| Wesleyan University will eliminate loans for its neediest undergraduates and replace these with additional grants, President Michael S. Roth has announced. The policy will be part of a new initiative to reduce overall student indebtedness by 35 percent to make Wesleyan even more accessible to students regardless of their financial capacity.
“Access to a Wesleyan education for students from all backgrounds has long been one of the core values of this community,” Roth says. “It remains one of our highest priorities. As I begin my presidency, I see this new effort as a down payment on our goal to endow financial aid and need-blind admission more fully in the next campaign.” Roth was formally inaugurated as Wesleyan’s 16th president at ceremonies on campus on Nov. 2.
Beginning with the first-year class enrolling in the fall of 2008, most students whose total family incomes are $40,000 per year or less will receive an aid package that substitutes grants for any loan obligation.

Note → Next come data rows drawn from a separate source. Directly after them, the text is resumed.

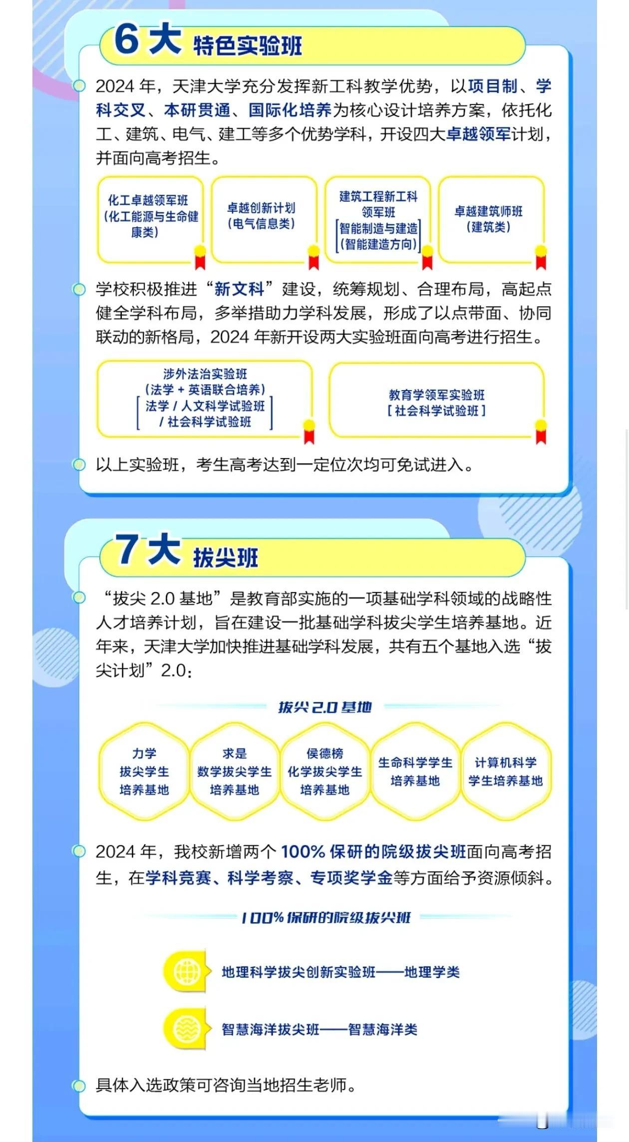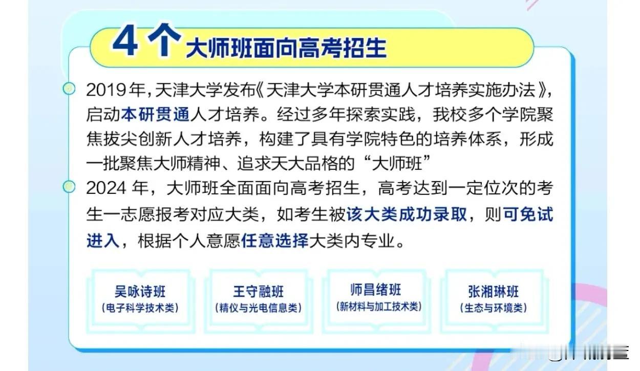 天津大学2024年招生亮点出炉,18个高保研率的未来技术、大师班、拔尖班、领军班今年都开始在高考阶段招生!8个大类开放了专业任选,针对不同分段有保一志愿、保N志愿、保不调剂!今年的考生有福气了[赞][赞][赞]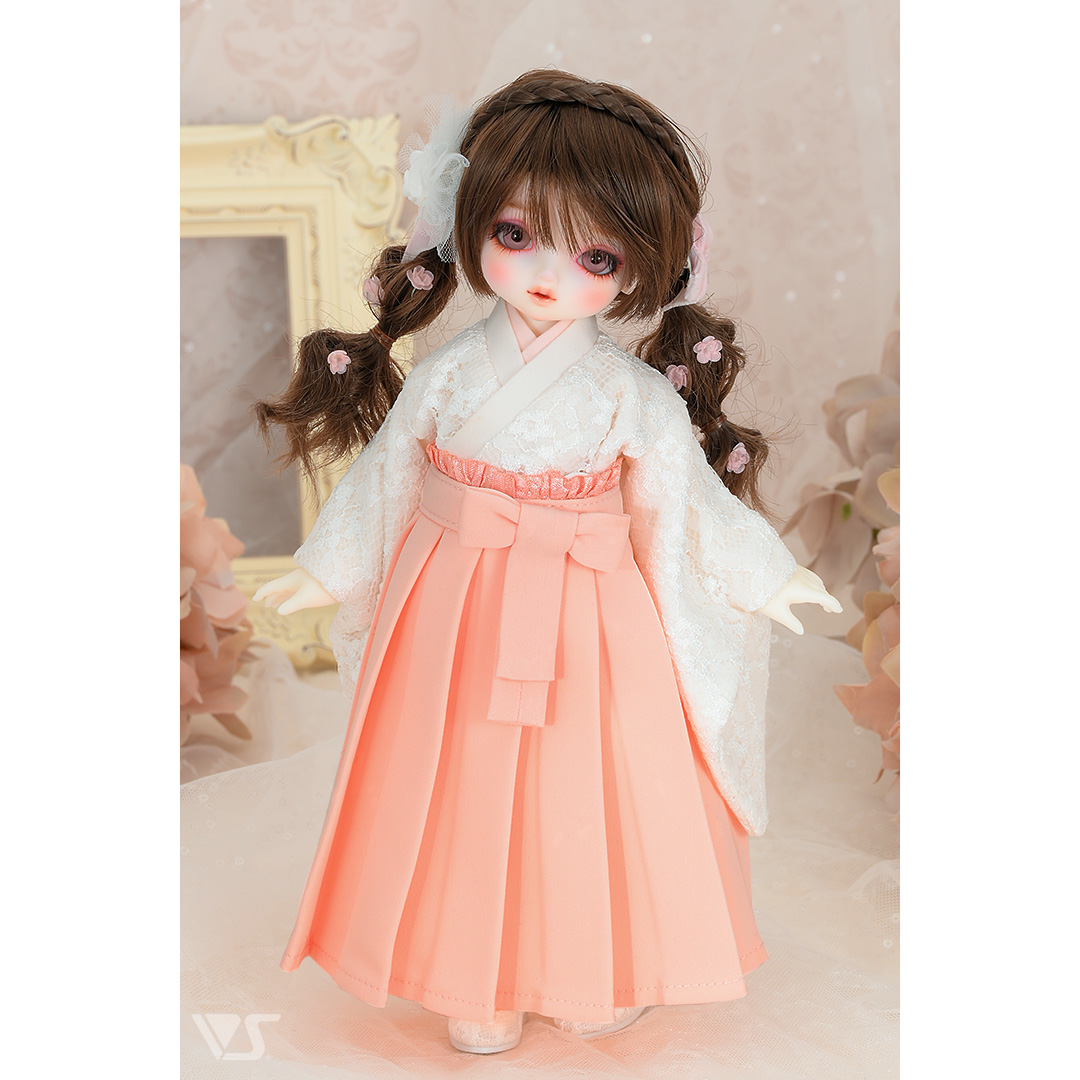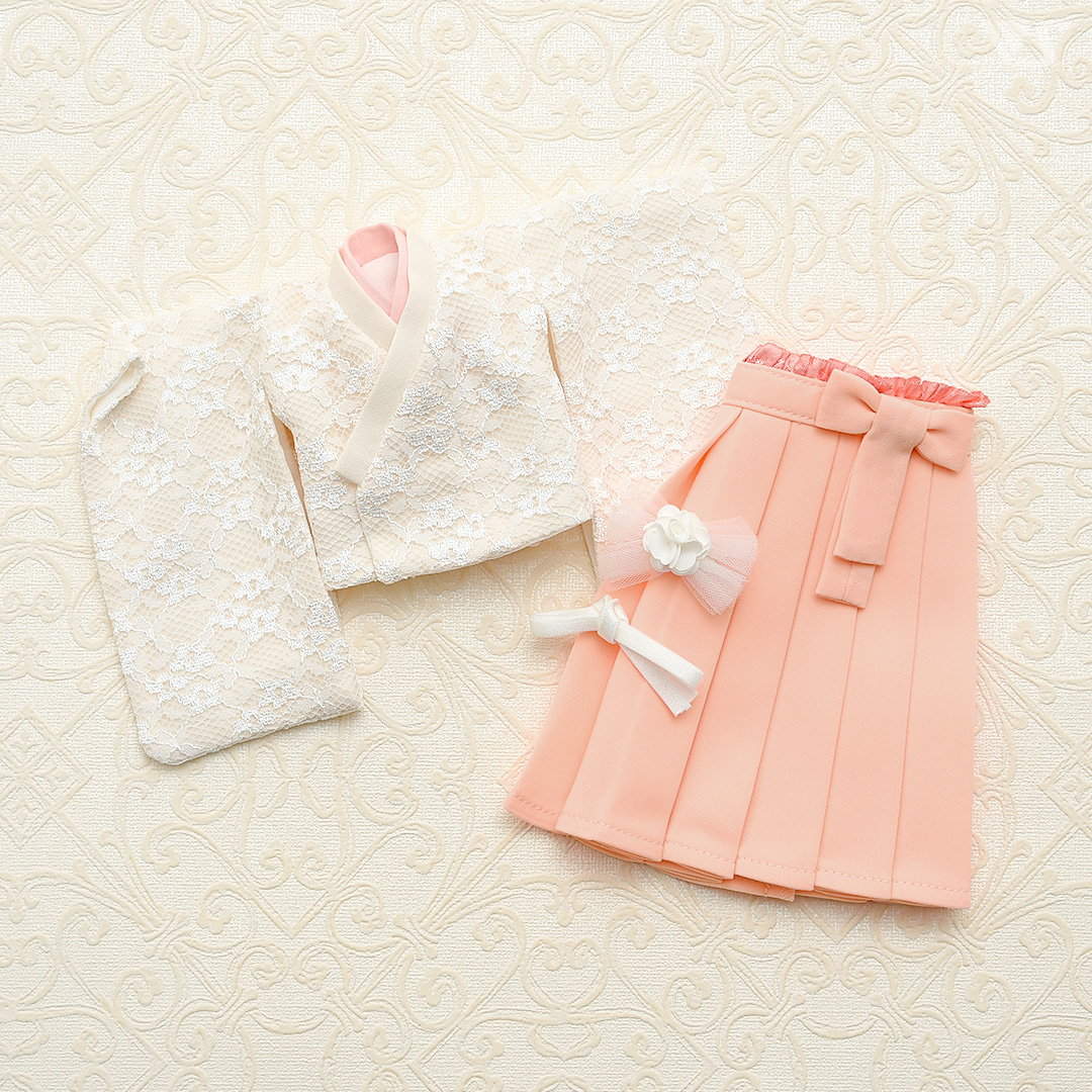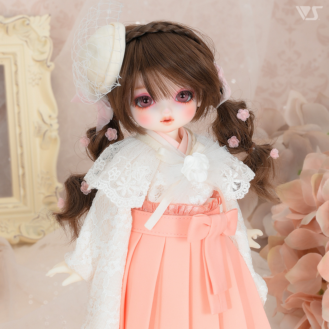 柔らかなピンク色は、まさに春にピッタリの装い。繊細なレース生地が砂糖菓子のような甘さでドルフィー達を包んでくれます。まさに春の妖精といった雰囲気のドレスでおうちの子達を着飾ってあげると、とっても素敵だと思います。付属のリボン飾りはヘアアクセサリーとして、また帯のところにつけてあげても◎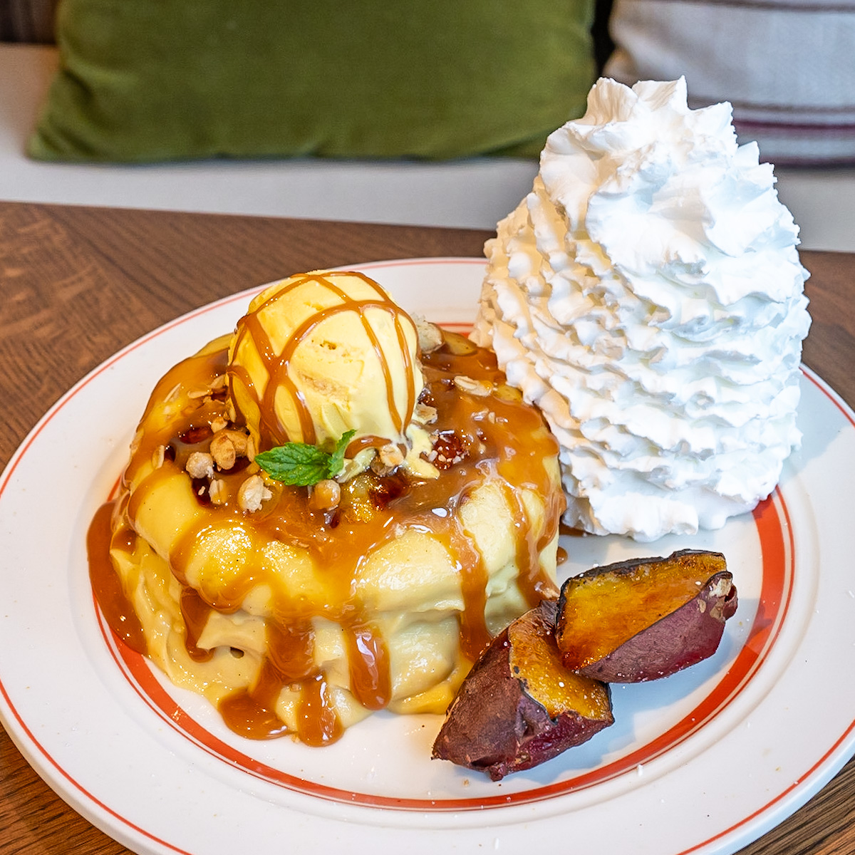 秋ならではの焼き芋とさつまいもアイスが添えられた、濃厚な味わいのパンケーキです。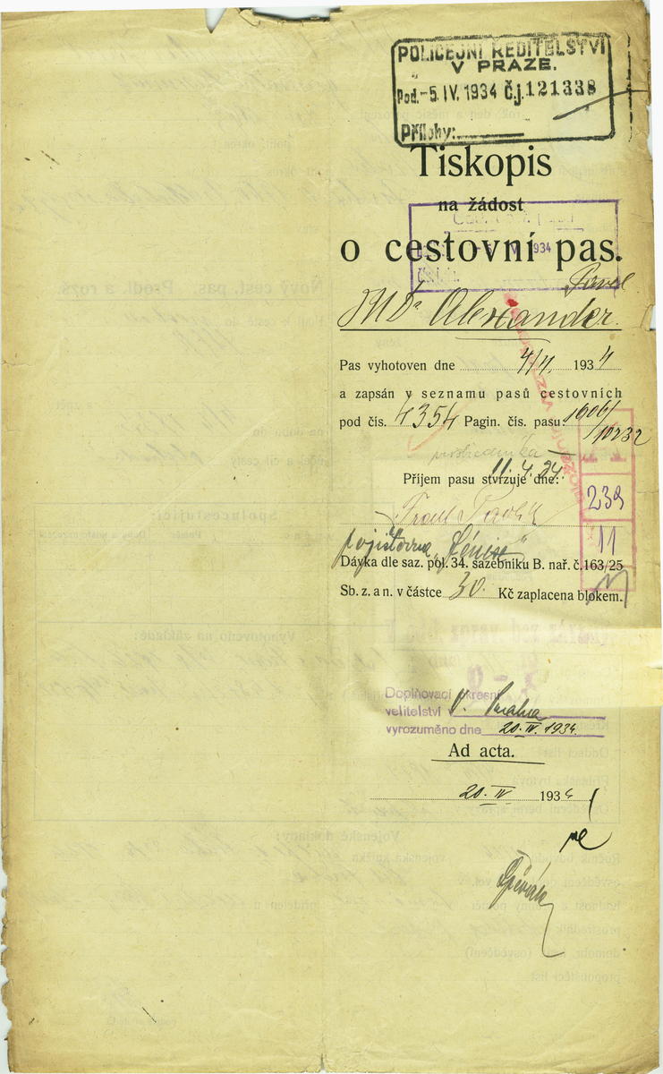 Alexander Pavel: Žádost o vydání cestovního pasu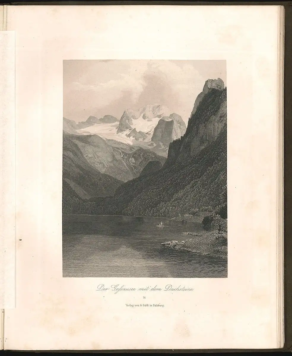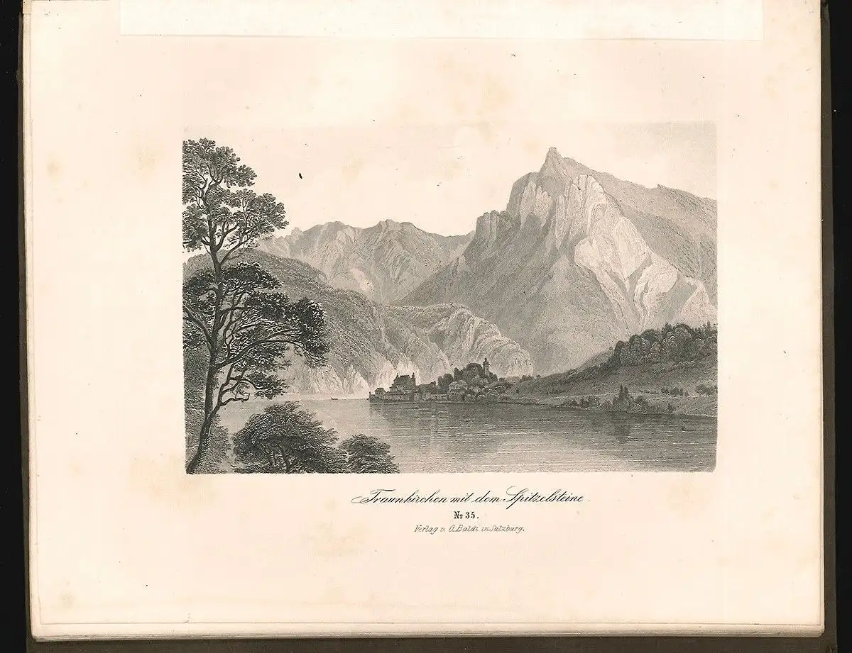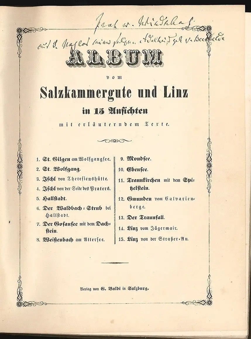 Bemerkungen: Nebehay-W. 69 - Enthält folgende Ansichten: St. Gilgen, St. Wolfgang, Ischl von Theresienhütte, Ischl von der Seite des Praters, Hallstadt, Der Waldbach-Strub, Der Gosausee mit dem Dachstein, Weißenbach, Mondsee, Ebensee, Traunkirchen mit dem Spitzelstein, Gmunden, Der Traunfall, Linz vom Jägermair, Linz von der Strraßer-Au.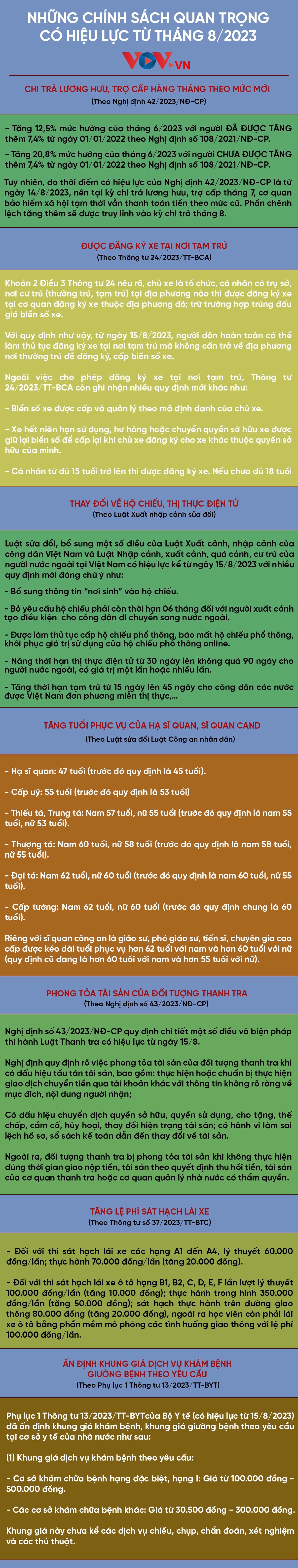Trong tháng 8/2023, nhiều chính sách mới có hiệu lực, như các chính sách về điều chỉnh tiền lương hưu, trợ cấp bảo hiểm xã hội và trợ cấp hằng tháng, đăng ký xe...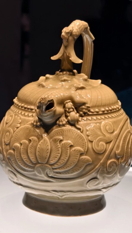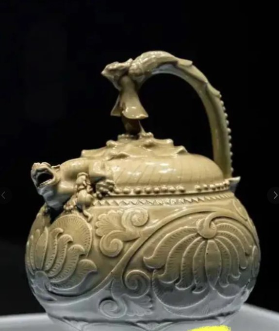 通高 21 厘米,口径 4.5 厘米,底径 7.8 厘米。壶身呈瓜棱形,直口,溜肩,鼓腹,圈足外撇。肩部置双凤首流,凤喙微张作吐水状,柄为摩羯鱼形,鱼尾上卷与壶口相连。腹部剔刻缠枝牡丹纹,花瓣翻卷,叶脉清晰,施釉后纹饰呈 “凹面积釉” 效果,颜色深于器身
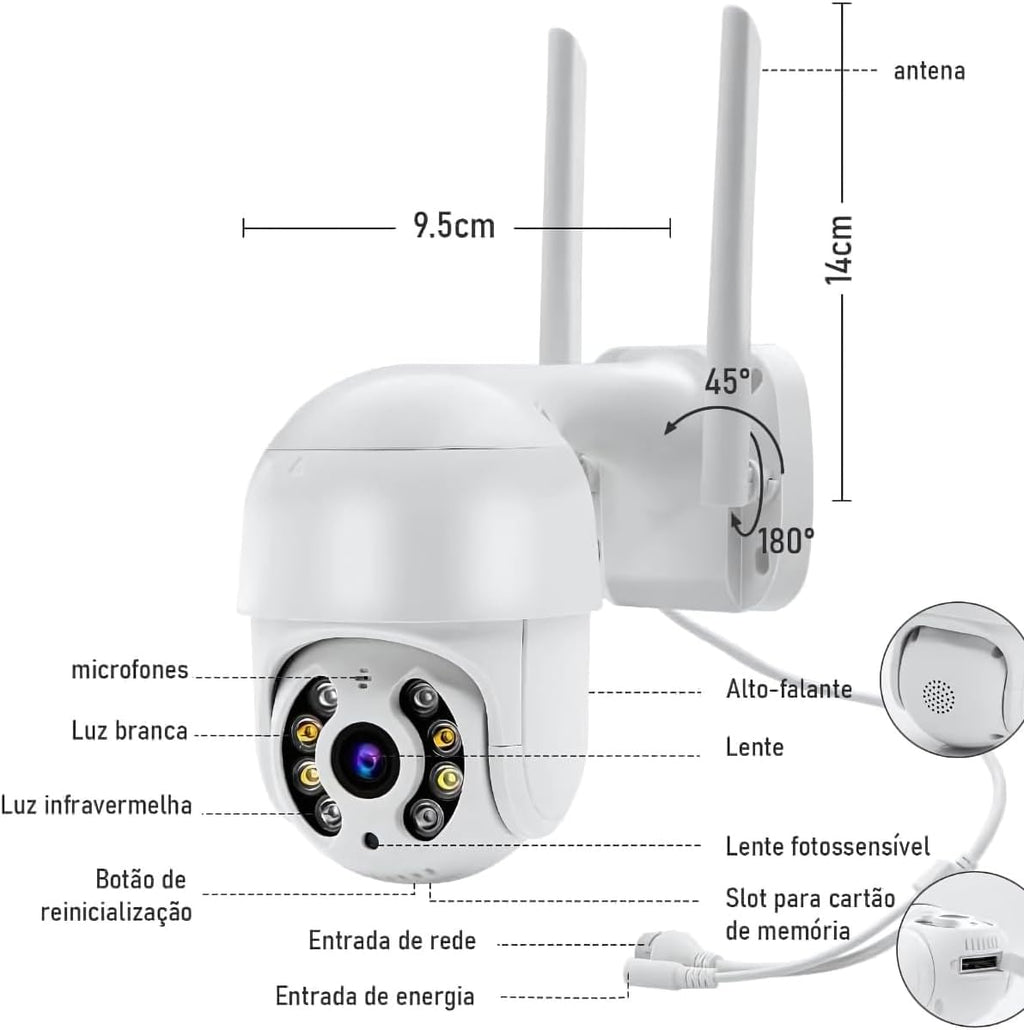 A Câmera Externa Inteligente Modelo A8 é a solução perfeita para quem busca segurança e conveniência com tecnologia avançada, garantindo a tranquilidade de monitoramento 24 horas por dia. Garanta já a sua e tenha controle total da sua segurança com a fácil instalação e alertas personalizados!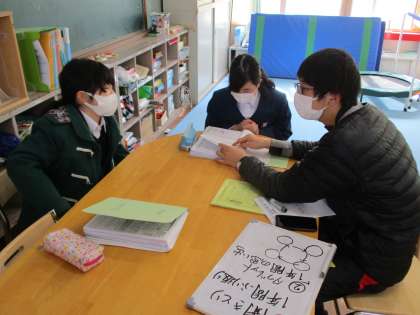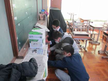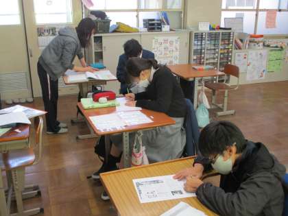 1・2年生は教室での学習,3年生は清掃活動を頑張っていました。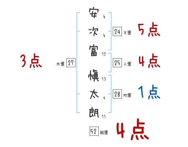 天運![]() | 安次富愼太朗さんの天運は24画の5つ星!家庭運が良く順調な人生。金運にも恵まれる。 家系が持つ宿命的な運勢を表します。祖先から受け継いだ苗字ですので自分の力が及びません。家柄を象徴します。 |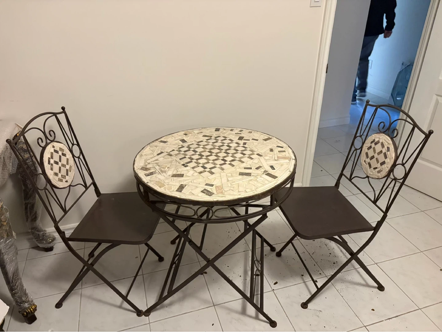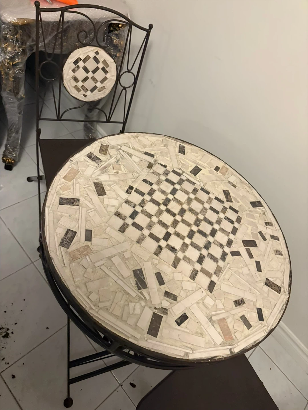 This mosaic bistro set includes a round table and two chairs. It's a great addition to any outdoor space. The table has a mosaic top with a checkerboard pattern. The chairs are made of metal and are foldable. There are rusted damage in underneath of table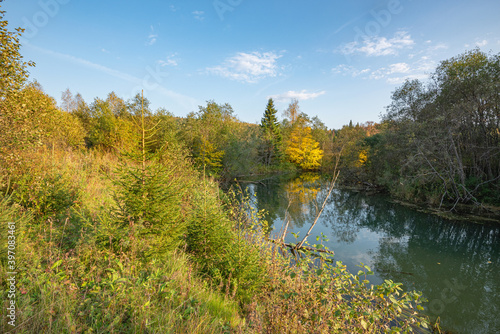 The watermark will not be included on Wall mural.: Autumn forest trees are reflected in the river water of the panoramic landscape - blue sky with cloud
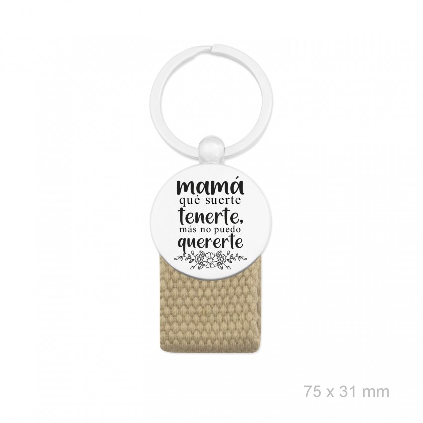 Llavero de metal con motivo de MAMA y tela de algodón de color camel.

Beginning with the same class, all other students who receive aid will graduate with a four-year total loan indebtedness reduced by an average of 35 percent. Aid packages will include a single student loan, the federally subsidized Stafford Loan. The interest rates for Stafford Loans are among the lowest available.
Wesleyan will raise endowment sufficient to fund the $3.2 million annual cost of this initiative. In fact, preliminary conversations with Wesleyan donors about the goal of reducing student indebtedness already have yielded over $10 million in new commitments to student aid, Roth reported.
Wesleyan admits students without regard to their financial circumstances and then provides a financial aid package that meets each student’s full demonstrated need. Forty percent of its 2,900 students currently receive grant aid. The average grant is $27,151. Wesleyan currently budgets $35.4 million of its own resources annually for grant aid for undergraduates. Federal and state sources contribute an additional $2.7 million.
Since the 1960s, Wesleyan has aggressively pursued diversity in the form of affirmative action and need-blind admissions.
Thirteen percent of Wesleyan students currently receive Pell grants; the federal Pell Grant Program provides need-based grants to low-income undergraduate students to promote access to postsecondary education.
Wesleyan also is celebrating the 40th anniversary of its Upward Bound program. Upward Bound is an educational opportunity outreach program supported through federal TRIO funding, as well as through grants from Connecticut Department of Education and the boards of education of the Middletown, Meriden and Portland schools; it provides fundamental support to low-income students in their preparation for college. Wesleyan recently received a TRIO grant to establish a Ronald E. McNair Postbaccalaureate Achievement Program focused on students in the sciences; the McNair program prepares students from disadvantaged backgrounds and who have demonstrated high academic potential for doctoral studies through involvement in research and other scholarly activities.